**TRY IT:**
The data below should be restated word for word, pictures omitted.
====== MATERIAL PROVIDED ======
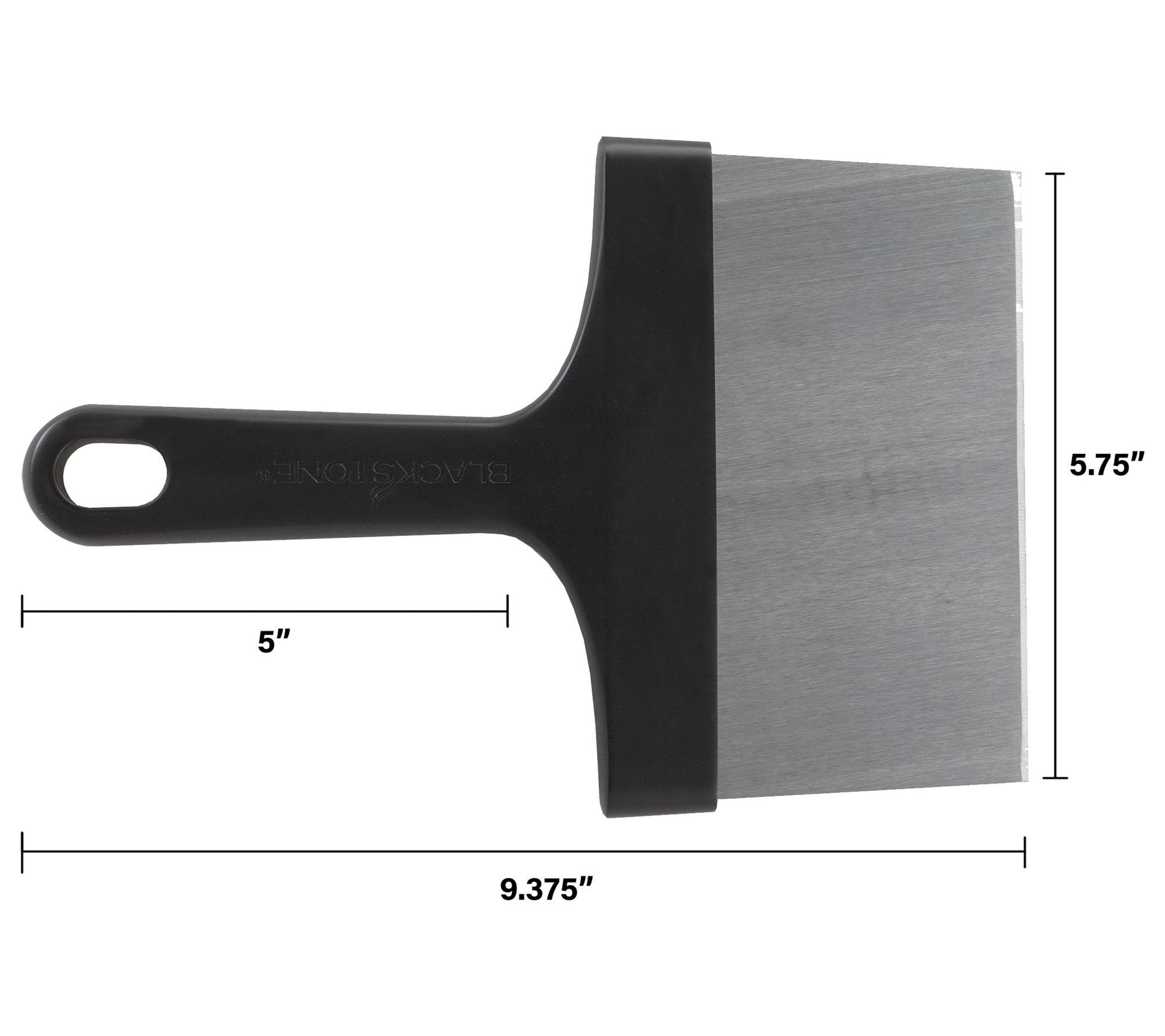 Tackle tough messes on your griddle like a pro with the Blackstone scraper. Its rust-resistant stainless steel design ensures durability, while the heat-resistant plastic handle keeps your hands safe. After a successful cooking session, just pop it in the dishwasher for easy cleanup. From Blackstone.
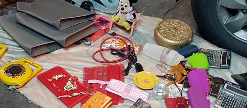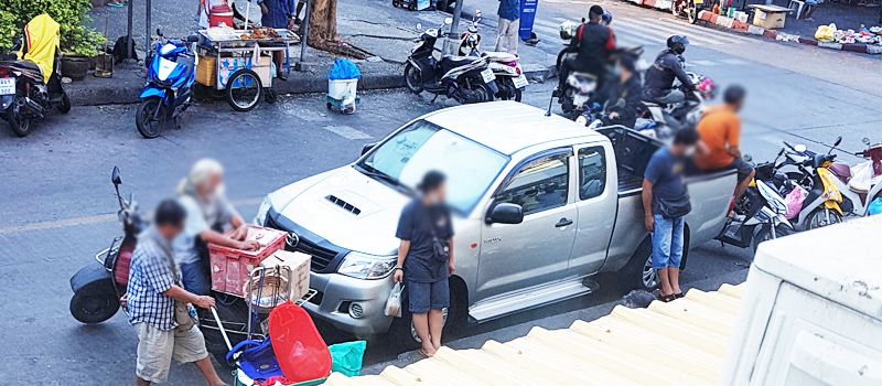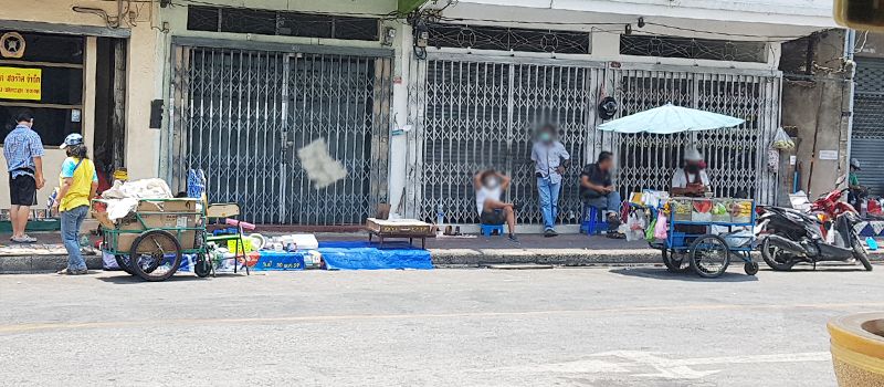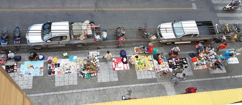 มองไปด้านนอก คนก็มานั่งขายของเรียงรายกันไปหารายได้
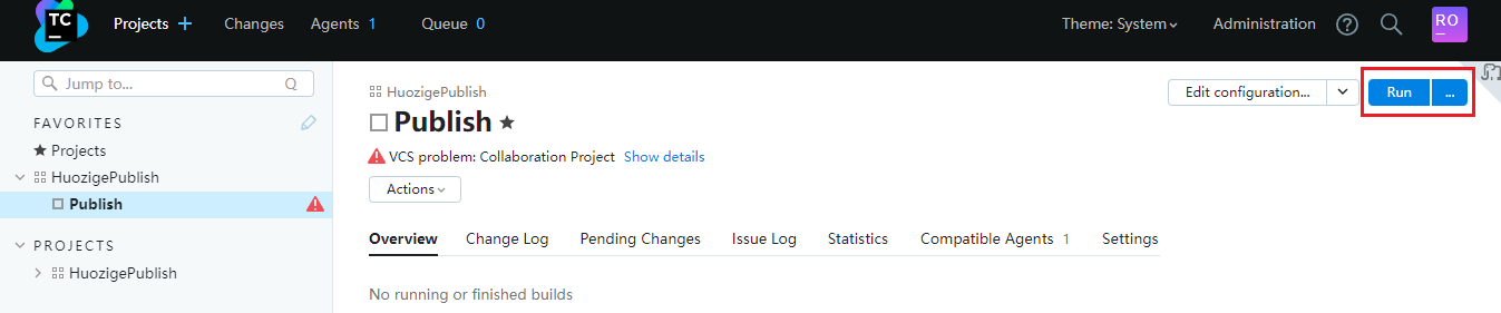 TeamCity를 설치하고 TeamCity 서버 서비스와 TeamCity 에이전트 서비스를 구성하여 관리 권한이 있는 일반 사용자로 실행되도록 합니다(시스템 권한을 사용하지 않음).
======
**SOLUTION TO THIS PROBLEM:**
 Tackle tough messes on your griddle like a pro with the Blackstone scraper. Its rust-resistant stainless steel design ensures durability, while the heat-resistant plastic handle keeps your hands safe. After a successful cooking session, just pop it in the dishwasher for easy cleanup. From Blackstone.
 มองไปด้านนอก คนก็มานั่งขายของเรียงรายกันไปหารายได้
 TeamCity를 설치하고 TeamCity 서버 서비스와 TeamCity 에이전트 서비스를 구성하여 관리 권한이 있는 일반 사용자로 실행되도록 합니다(시스템 권한을 사용하지 않음).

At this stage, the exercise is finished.